Indivision et exonération de taxe foncière

Exonération de taxe foncière (pour personnes modestes, âgées, titulaires de l’Aspa ou de l’AAH) et indivision ne sont pas incompatibles, en tout cas quand la propriété est en indivision avec d’autres personnes que son conjoint.

Le cas particulier de l’exonération de taxe foncière sur un immeuble détenu en indivision est traité au BOFiP (BOI-IF-TFB-10-50-40 §160).

Il y est indiqué que « lorsqu’un immeuble indivis est habité exclusivement par les copropriétaires, la circonstance que l’un de ces derniers seulement remplisse les conditions requises pour obtenir l’exonération ne fait pas obstacle à ce que l’intéressé en bénéficie ».

Cependant, l’exonération concerne uniquement le propriétaire indivis éligible « dans la limite de la quote-part d’impôt lui incombant, à condition qu’il ait la disposition privative d’un logement dans l’immeuble indivis ».

Enfin (source réponse ministérielle Fischer n° 11875, JO du Sénat du 18 mars 2010, page 691), dans la circonstance où l’indivision concerne le conjoint survivant et les héritiers du défunt le fisc admet « que l’exonération totale soit accordée au conjoint survivant, quels que soient ses droits sur le logement, à condition qu’il occupe seul ce logement et remplisse les autres conditions posées par l’article 1391 du CGI », soit un âge minimum de 75 ans au 1er janvier de l’année de l’imposition et dans la limite du plafond d’exonération.

Taxe foncière et indivision après un divorce

Un divorce ne suffit pas à remettre en cause une indivision, en tout cas au regard de la taxe foncière. C’est ce qu’a rappelé la Cour de cassation dans un arrêt rendu le 13 janvier 2016. Dans l’affaire traitée, un couple détenait un terrain en indivision, sur lequel il a fait construire sa maison. Suite à un divorce, Monsieur a continué d’occuper le bien, sans que l’indivision ne soit remise en cause, et a pris en charge le paiement intégral de la taxe foncière. Dans le cadre de la procédure judiciaire, il a demandé la restitution d’une partie des sommes versées (12.796 euros), au motif que son ex-épouse est redevable d’une partie de l’impôt foncier en tant qu’indivisaire. Une requête rejetée par la Cour d’appel de Basse-Terre qui a jugé que le paiement revient à l’occupant d’un bien indivis.
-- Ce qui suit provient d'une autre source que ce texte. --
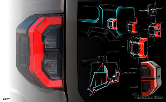 フロントだけでなくリアについても「どこから見ても新しいランドクルーザーという佇まいを目指した」。その原点となったのは『FJ40』だ。「ランドクルーザーの起点であり、ランドクルーザーの知名度をここまで上げてきてくれたクルマ」としたうえで、「ランドクルーザーでありながらプレイフルな感じもありますので、そこに、新しい時代に合った価値観を取り入れました」。「時代が変われば提供するものも進化していかなければいけません。『ランドクルーザー70』のようにずっと変わらない形もありますが、FJのように新しいお客様に向けて出すものは、新しい価値観を入れなければいけない。そこで特にリアはとてもアイコニックにしています」と話す。
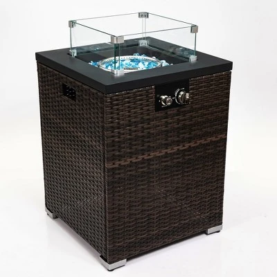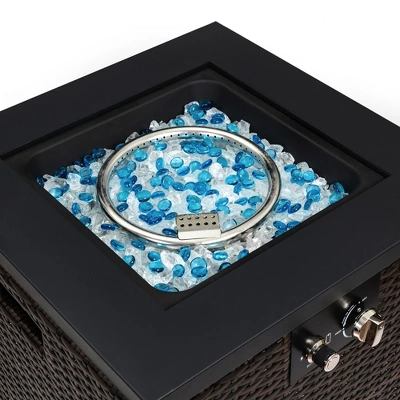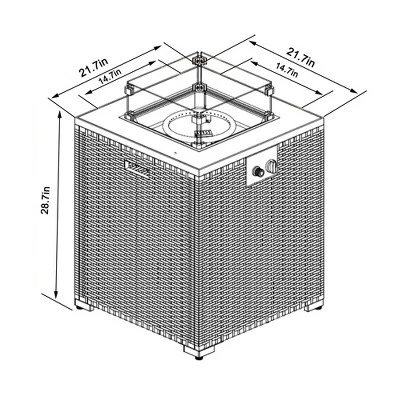 Propane Fire Pit ColumnԕԕԕNoticeԕԕԕ:‘ïNOT Suitable for Natural Gas!Steel TabletopSteel FrameETL ApprovedStainless Steel Burner,With Electronic Pulse IgniterFuel: Propane/ Liquefied Petroleum GasArea Heated:11 Sq.FtBowl Depth: 2.2inchMaterial: Steel + PE Rattan + GlassFlame Adjustable: YesLid: includedHeat output: 40000BTURain Cover: IncludedRocks: Yes(Glass beads)Gas Regulator: IncludedGlass Windshield(Guard): includedLNG: No supportWith Glass Wind Guard1. Glass windshields provide a transparent barrier between the fire and the outside world, allowing you to clearly see the fire without obstructing your view.2. Glass windshields are designed to allow sufficient airflow to the burner while preventing wind gusts or drafts from disrupting the flame.Overall, glass windshields for fire tables provide a safe, transparent, and decorative solution for enjoying a fire pit without being exposed to smoke or embers. They are also easy to maintain and enhance the appearance and ambiance of your outdoor space.Durable PE Wicker and Steel Tabletop LidSteel Tabletop Lid:Larger space to increased usability: A larger tabletop provides more space for placing items. For example, it can accommodate fruits, drinks, and other items without worrying about insufficient space.Durable PE Wicker:1. Made from high-quality PE wicker, this fire table is durable and can withstand the elements, ensuring long-lasting use.2. With its modern design, this outdoor table blends seamlessly into any outdoor setting, whether it’s a balcony, patio or garden.With Rain Cover1. Rain protection: The l rain cover can effectively prevent rainwater from entering the fire table, thereby maintaining the fire table’s dryness and cleanliness, and extending its service life.2. The rain covers can prevent dust and other impurities from entering the fire table, maintaining the cleanliness of the fire table.Clear Glass Rock Mixed with Blue Glass Beads1. Adding Color:clear glass rock with blue glass beads can add color to the firepit, creating a contrast with the orange flame, enhancing visual impact and making the firepit more vibrant.2. Adding Interest: By including clear glass rock with blue glass beads in the firepit, you can add a touch of fun and playfulness to the atmosphere, making a cozy bonfire even more enjoyable.3. Adding Artistic Touch: clear glass rock with blue glass beads can be used to create unique artistic effects, adding an artistic touch to the firepit and making it more unique and attractive.4. High-temperature insulation: The bead glass has good high-temperature resistance and insulation performance, which can effectively prevent the heat loss of the burner and improve the efficiency of the burner.SUS BurnerStainless steel burner with blue glass beads: Features and functions:1. Material: High quality stainless steel, low temperature coefficient of linear expansion, high tensile strength and wear resistance.2. Design: Unique loop design, beautiful appearance, easy to install and replace.3. Heat resistance: The stainless steel burner has good heat resistance, can withstand high temperature up to 600‘ãC, and will not burn or deform at high temperature.4. Easy to clean: The stainless steel surface is easy to clean and care, which can maintain the cleanliness and freshness of the burner at all times.5. Long service life: The stainless steel burner has a long service life, which can reduce the frequency of replacement and save cost.
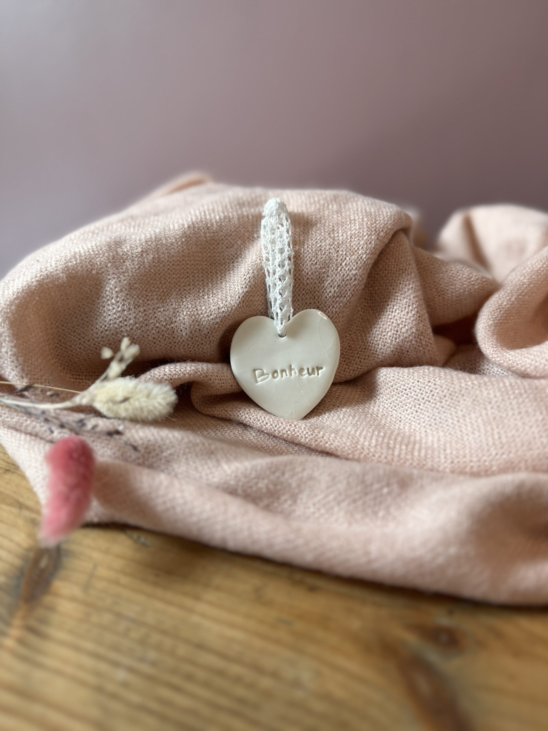 Un petit cœur en porcelaine entièrement façonné à la main, délicatement décoré d’un message plein de douceur.

La Cour de cassation s’est donc opposée au jugement d’appel. Les juges du fond ont en effet rappelé que « l’impôt foncier (…) incombe à l’indivision jusqu’au jour du partage en dépit de l’occupation privative ». Autrement dit, la taxe foncière n’est pas réclamée à l’un ou à l’autre propriétaire mais bien à l’indivision qu’ils ont constituée. Un divorce ne remet pas en cause ce fonctionnement tant que l’indivision existe : seule sa fin peut permettre à l’un des deux ex-époux de ne plus avoir à s’acquitter de l’impôt local. De même, il n’existe pas de solidarité entre les indivisaires pour le paiement de la taxe foncière, chacun étant tenu de payer la part qui lui revient et pas un euro de plus.

Pour rappel, la personne qui occupe seule un bien détenu en indivision, comme l’ex-mari dans cette affaire, doit verser une indemnité d’occupation aux autres indivisaires. En revanche, la loi ne prévoit pas d’ajustement concernant la fiscalité dans ce cas de figure et ne permet aucune exonération de taxe foncière pour un propriétaire en indivision qui n’habite pas le logement.